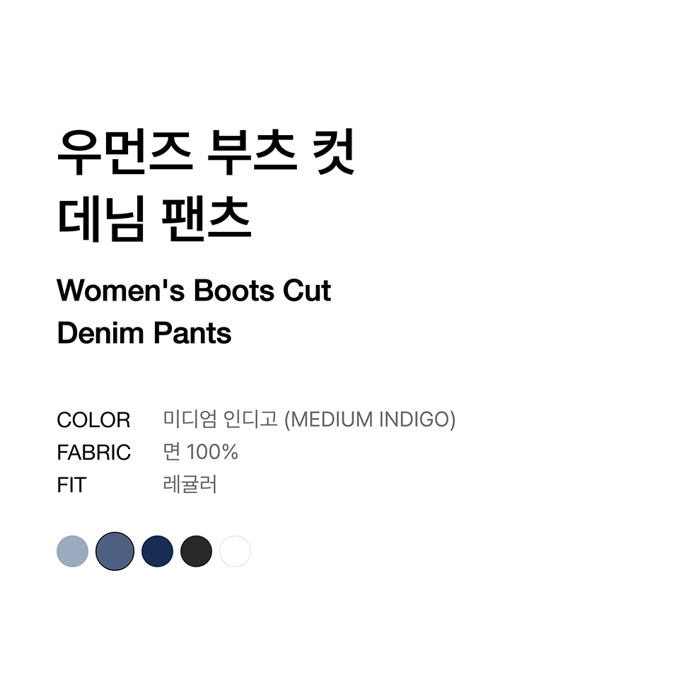 우먼즈 부츠 컷 데님 팬츠 [미디엄 인디고]
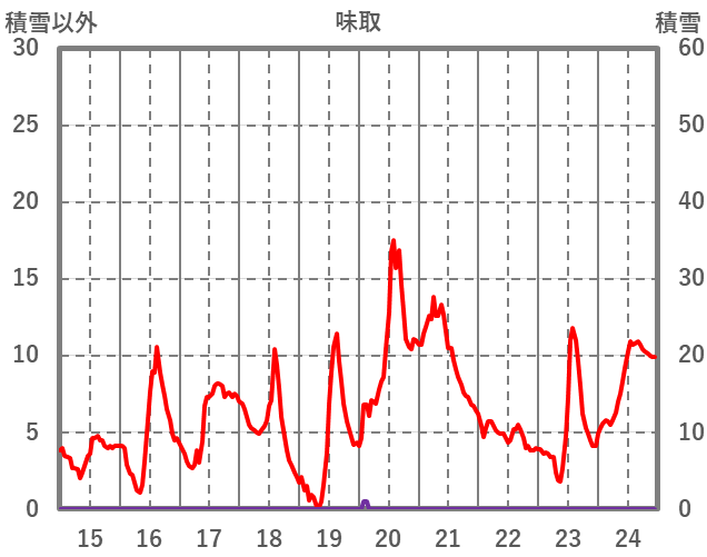 | 日 | 時 | 気温 | 降水 | 風向/風速 | 日照 | 積雪 | 降雪 |
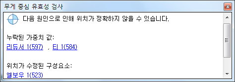 실시간 COG가 활성화된 경우 가중치가 없는 Plant 객체를 선택하면 가중치가 없는 구성요소를 식별하는 유효성 검사 창이 표시됩니다. 가중치가 있는 구성요소를 선택하지 않으면 실시간 COG 유효성 검사가 활성화되지 않습니다.
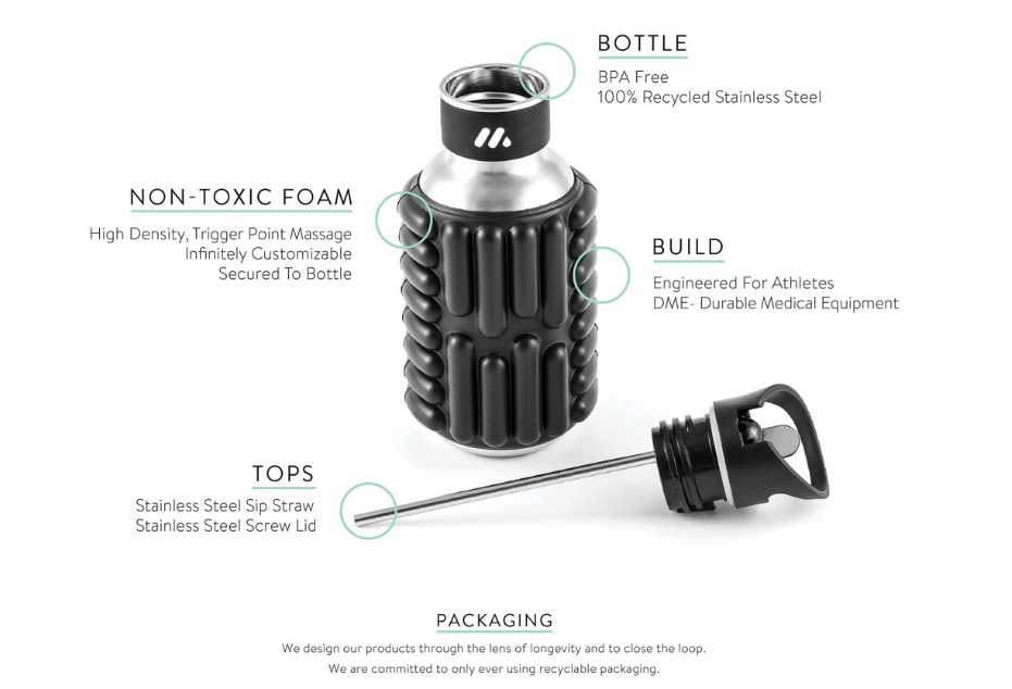 MOBOT's are lightweight, convenient and save you time and money. Designed to go with you, so you can feel good anywhere! We combined a sustainable water bottle and eco-friendly foam roller to help your body and the planet.
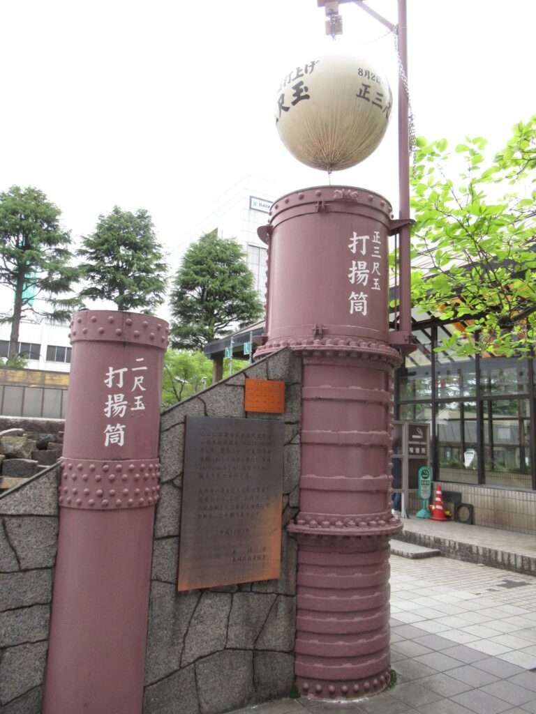 上越新幹線と在来線の信越本線および上越線の長岡駅前広場にある、長岡まつり花火大会で使われた正三尺玉と二尺玉の打揚筒でございます。2002年(平成14年)までの70年間も現役で使われていたというシロモノなんですってよ、そこの奥さん(←何処の奥さん?)。
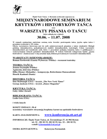 ____________________________________________________________________________ Śląski Teatr Tańca w Bytomiu serdecznie zaprasza na MIĘDZYNARODOWE SEMINARIUM KRYTYKÓW i HISTORYKÓW TAŃCA oraz WARSZTATY PISANIA O TAŃCU które odbędą się w dniach 30.06. – 11.07. 2008 W ramach seminarium omówione zostaną m.in. kwestie: postrzegania tańca, języka opisu tańca i przemian wyobraźni w XX wieku. Oferta warsztatowa kierowana jest do osób zainteresowanych pisaniem o tańcu (studentów filologii polskiej, dziennikarstwa, podyplomowych studiów dziennikarskich, teatrologii). Celem warsztatów dziennikarskich jest kształcenie osób, które w przyszłości podejmą tematykę tańca w publikacjach z wykorzystaniem róŜnych gatunków dziennikarskich. W trakcie festiwalu redagowana będzie „gazeta festiwalowa”. Zamieszczane w niej artykuły będą efektem prowadzonych warsztatów dziennikarskich. WARSZTATY DZIENNIKARSKIE: Roman Pawłowski (Gazeta Wyborcza / Polska) - recenzent teatralny TEORIA TAŃCA: Joanna Szymajda (Polska) Agnieszka Jelewska (Polska) Hilke Diemer (Holandia) – kompozycja, Rotterdamse Dansacademie Henrik Kaalund (Dania) HISTORIA TAŃCA Don McDonagh (USA) – krytyk „The New York Times” George Jackson (USA) – krytyk „Dance Magazine” KRYTYKA TAŃCA: Gaby Aldor (Izrael) BIBLIOGRAFIA TAŃCA: Leslie Getz (USA) i wielu innych KOSZT UDZIAŁU: 50 zł uczestnicy warsztatów otrzymują bezpłatny karnet na spektakle festiwalowe KARTA ZGŁOSZENIOWA: www.konferencja.stt.art.pl INFORMACJE: Śląski Teatr Tańca, ul. śeromskiego 27, 41-902 Bytom tel. 32 - 281 82 53, 281 82 55, fax. 32 – 281 82 52, e.mail: [email protected] OSOBA KONTAKTOWA: Katarzyna Furmaniuk
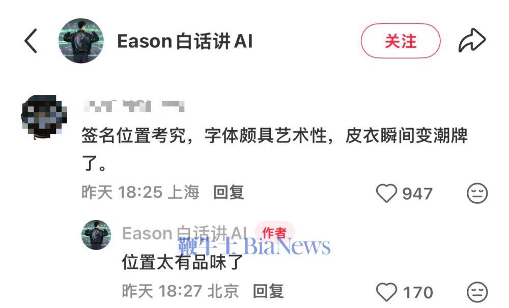 有网友评论称,“签名位置考究,字体颇具艺术性,皮衣瞬间变潮牌。”
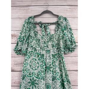 Anthropologie Floral Open Tie Back Midi Dress Womens Large White Green Stretch
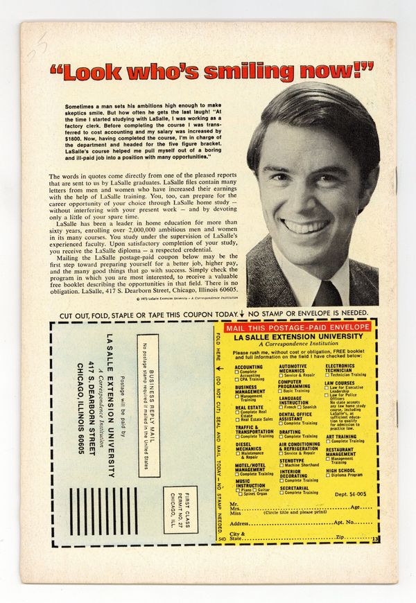 Cover inks by Frank Giacoia. Now Strikes the Sub-Human, script by Roy Thomas, pencils by Don Heck, inks by George Tuska; the X-Men battle the Grotesk, the last survivor of the Sub-Humans; reprinted from issue 41. For the Rest of Your Life!, script by Stan Lee, art by Steve Ditko; Jupiter's courts are thought soft, but their convicts are actually imprisoned for life within an illusion of freedom; reprinted from Amazing Adult Fantasy #11. 36 pgs. $0.25. Cover price $0.25. Grade: FN- 5.5 explanation of grade Condition: Used (collectible)
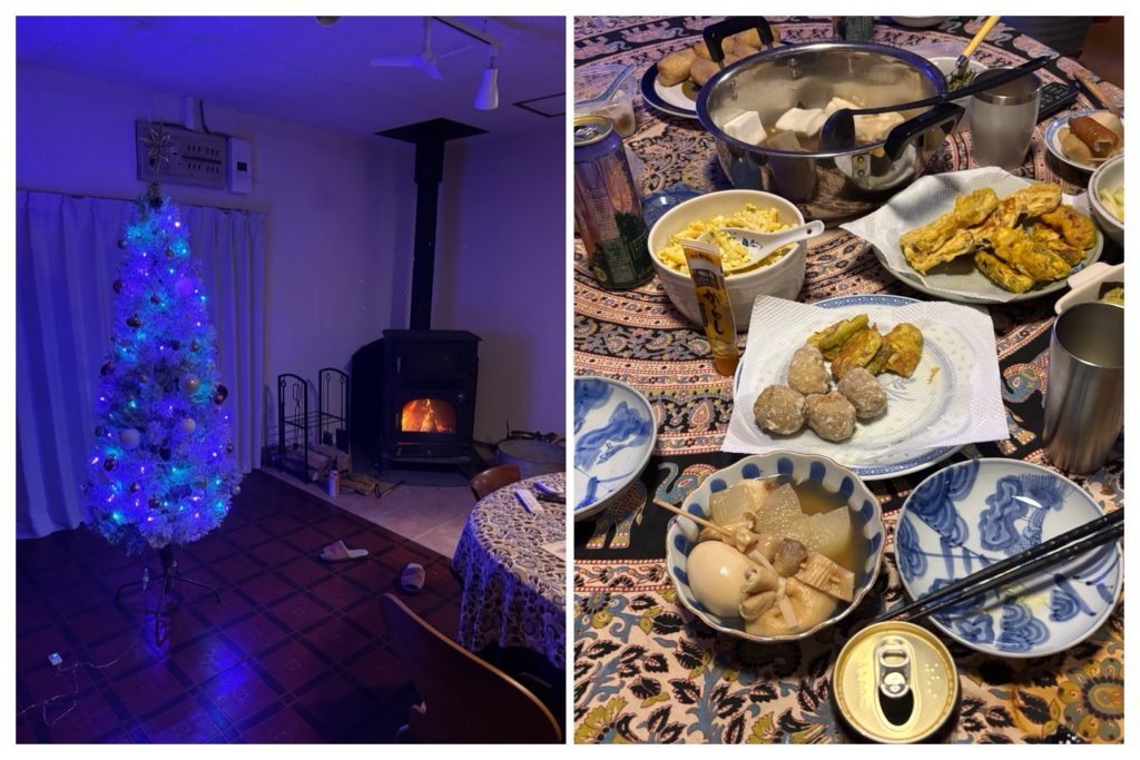 12月:小中学校の同級生3人おでんパーティーを兼ねた忘年会。メンバーの一人が自宅で栽培した大根を提供してくれる。薪ストーブとクリスマスツリーがレストランパーティー風。
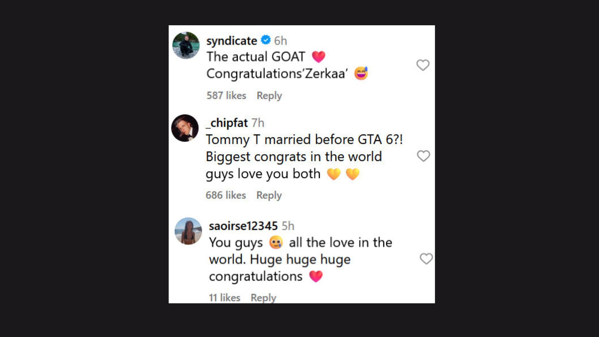 “Tommy T married before GTA 6?! Biggest congrats in the world guys love you both.” Another added.

* * * * * * * * *

Problem description >>
Each line from the one containing "Anthropologie Floral Open" through the final line of the data must be reproduced exactly, both ends included, with no pictures in the copy.

Reply to the task >>
 Anthropologie Floral Open Tie Back Midi Dress Womens Large White Green Stretch
 Cover inks by Frank Giacoia. Now Strikes the Sub-Human, script by Roy Thomas, pencils by Don Heck, inks by George Tuska; the X-Men battle the Grotesk, the last survivor of the Sub-Humans; reprinted from issue 41. For the Rest of Your Life!, script by Stan Lee, art by Steve Ditko; Jupiter's courts are thought soft, but their convicts are actually imprisoned for life within an illusion of freedom; reprinted from Amazing Adult Fantasy #11. 36 pgs. $0.25. Cover price $0.25. Grade: FN- 5.5 explanation of grade Condition: Used (collectible)
 12月:小中学校の同級生3人おでんパーティーを兼ねた忘年会。メンバーの一人が自宅で栽培した大根を提供してくれる。薪ストーブとクリスマスツリーがレストランパーティー風。
 “Tommy T married before GTA 6?! Biggest congrats in the world guys love you both.” Another added.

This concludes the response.